Closed prgx-csmith01 closed 3 years ago
Hi @prgx-csmith01 Would it be possible for you to redact everything from the PDF and then share it so that it can be added as a test to PR #298 ?
Hi @samkit-jain , I can't share the PDF but we have created a test file for you with an example of the metadata issue. I hope this helps. Thanks!
Many thanks @prgx-csmith01 I have updated the PR #298 with the test case.
As an aside: That integer value of the Copies entry is invalid.
According to the specification:
14.3.3 Document Information Dictionary
...
The value associated with any key not specifically mentioned in Table 317 shall be a text string.
(ISO 32000-1)
... and neither is there any Copies entry in table 317 nor any other entry with a numeric type, merely text strings, dates, and names.
Thus, this issue strictly speaking is not a bug (as labeled currently) but a request to support one more type of invalid PDFs.

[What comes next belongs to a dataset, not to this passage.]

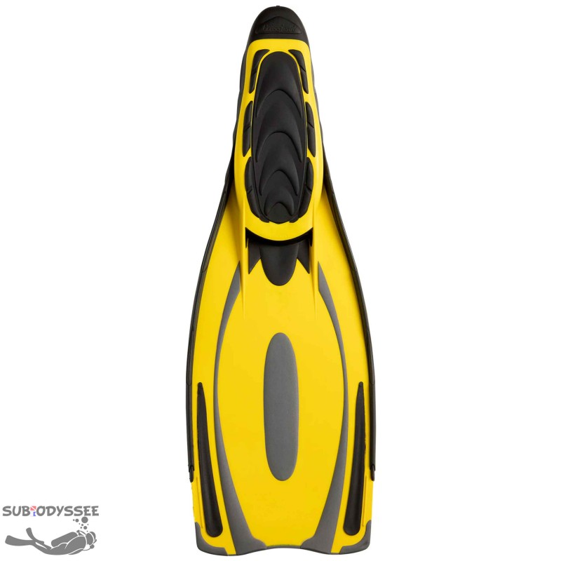 - Design innovant : La voilure commence sur le dessus du chausson, augmentant la surface utilisable de 20% par rapport aux palmes traditionnelles de longueur similaire. Ce design innovant garantit une transmission optimale de la puissance de votre jambe vers la palme.

@mkl-public That's a good point, and thank you for raising it. I think your diagnosis is correct. I certainly don't want to slide down the slippery slope of trying to handle all malformed PDFs. In this case, however, @samkit-jain has PR'ed an efficient solution — it's a simple adjustment, and one that hopefully will accommodate a few other classes of invalid metadata entries in the future (without becoming a burden on the processing of valid PDFs).
Closed via https://github.com/jsvine/pdfplumber/pull/298; now available in develop
and will appear in the next release.
I have received this error message for a PDF file:
It seems that there is no handling for integer metadata in the init of pdf.py
Previously there was a similar bug raised #67 for boolean objects.
I cannot provide the PDF used that caused this error as it is client data. The metadata of the file contains { ... , "Copies" : 0 }.